A pre-born child’s right to life has been hotly debated for the last half-century, though in reality, the abortion controversy stretches back thousands of years.

But while many continue to inexplicably grapple with the most basic of all questions, it might be necessary to make clear children have another right, too – the right to grow up in peace, free from having their minds warped and their nerves frayed and wrought by anxieties not of their making.

“Kids have the highest level of anxiety I’ve ever seen,” says Susan Julien, a school counselor at Fall River Elementary School in Longmont, Colo. “Anxiety about basic safety and fear of what could happen.”

In a recent survey conducted by The New York Times of over 300 school counselors across the United States, 94% of those questioned reported seeing an increase in student stress.

Many cite the pandemic for the rise in student anxiety, but there is little question that other factors, such as family breakdown, addictions and political and social pressures, have contributed to the deterioration of children’s mental health as well.

In far too many cases, children are no longer allowed to be children.

We’ve all seen those lists comparing the problems in schools in the 1940s to today’s challenges in the classroom.

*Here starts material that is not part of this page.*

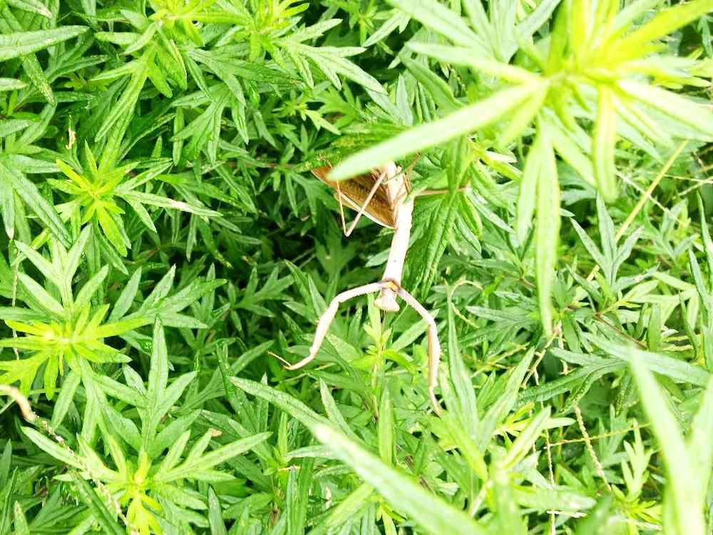 カマちゃん。バッタよりも動きがスローでこちらも動き止めちゃいますよね😁4歳の末娘もブローチにして遊んでました!カマちゃん!ナイスポージング💕

Over the last 80 years, teachers and school administrators have gone from dealing with issues of chewing gum and running in the hallway to the scourge of drugs, the rise in teen suicide and the devastating impact of deadly violence on school grounds.

Today’s children have been figuratively and literally caught in the crosshairs and crossfire of a culture gone mad. It should sadden and madden every adult.

Truth be told, kids are overstressed because too many parents and other adults have foisted their own stresses and strains on them. In short, we share too much and make the mistake of thinking kids can carry more than they can – or should.

Writing in her book, The Hiding Place, Corrie Ten Boom, the Dutch writer and concentration camp survivor, tells the story of a pivotal conversation she once had with her own father:

Often times I would use the trip home to bring up things that were troubling me, since anything I asked at home was promptly answered by the aunts. Once, I must have been 10 or 11, I asked father about a poem we had read at school the winter before. One line had described “a young men whose face was not shadowed by sex sin.” I had been far too shy to ask the teacher what it meant, and mama had blushed scarlet when I consulted her. In those days just after the turn of the century sex was never discussed, even at home.  So the line had stuck in my head. “Sex,” I was pretty sure, meant whether you were a boy or a girl, and “sin” made Tante (Aunt) Jans very angry, but what the two together meant I could not imagine. And so, seated next to Father in the train compartment, I suddenly asked, “Father, what is sex sin?”

He turned to look at me, as he always did when answering a question, but to my surprise he said nothing.  At last he stood up, lifted his traveling case from the rack over our heads, and set it on the floor.

“Will you carry it off the train, Corrie?” he said. I stood up and tugged at it. It was crammed with the watches and spare parts he had purchased that morning.

“It’s too heavy,” I said.

“Yes,” he said. “And it would be a pretty poor father who would ask his little daughter to carry such a load.  It’s the same way, Corrie, with knowledge. Some knowledge is too heavy for children. When you are older and stronger you can bear it. For now you must trust me to carry it for you.”

And I was satisfied.  More than satisfied, wonderfully at peace. There were answers to this and all my hard questions, for now I was content to leave them in my father’s keeping.

As moms and dads, it’s our responsibility to carry many of the heavy loads of life for our young children. Just because it’s a 24/7 news culture, that doesn’t mean we have to share or make available every breaking headline or discuss the controversies of the day with our children. For example, I didn’t immediately discuss the news of last week’s tragedy in Texas with our 10 and 11-year-olds. It was hard enough for me to process, let alone burden and cloud the minds of two young boys about an evil man gunning down nineteen children their age.

It’s impossible to shield children from everything, nor should we even try. But I regularly see and hear of parents showing or allowing their own kids to consume content that’s well beyond their level of maturity.

That children are more anxious today than ever before is not just an indictment on today’s culture. It’s an indictment on those who make it – on politicians, school administrators and teachers, entertainers, athletes, and yes, even parents. Young people tend to mirror and model what they see in the adults before them.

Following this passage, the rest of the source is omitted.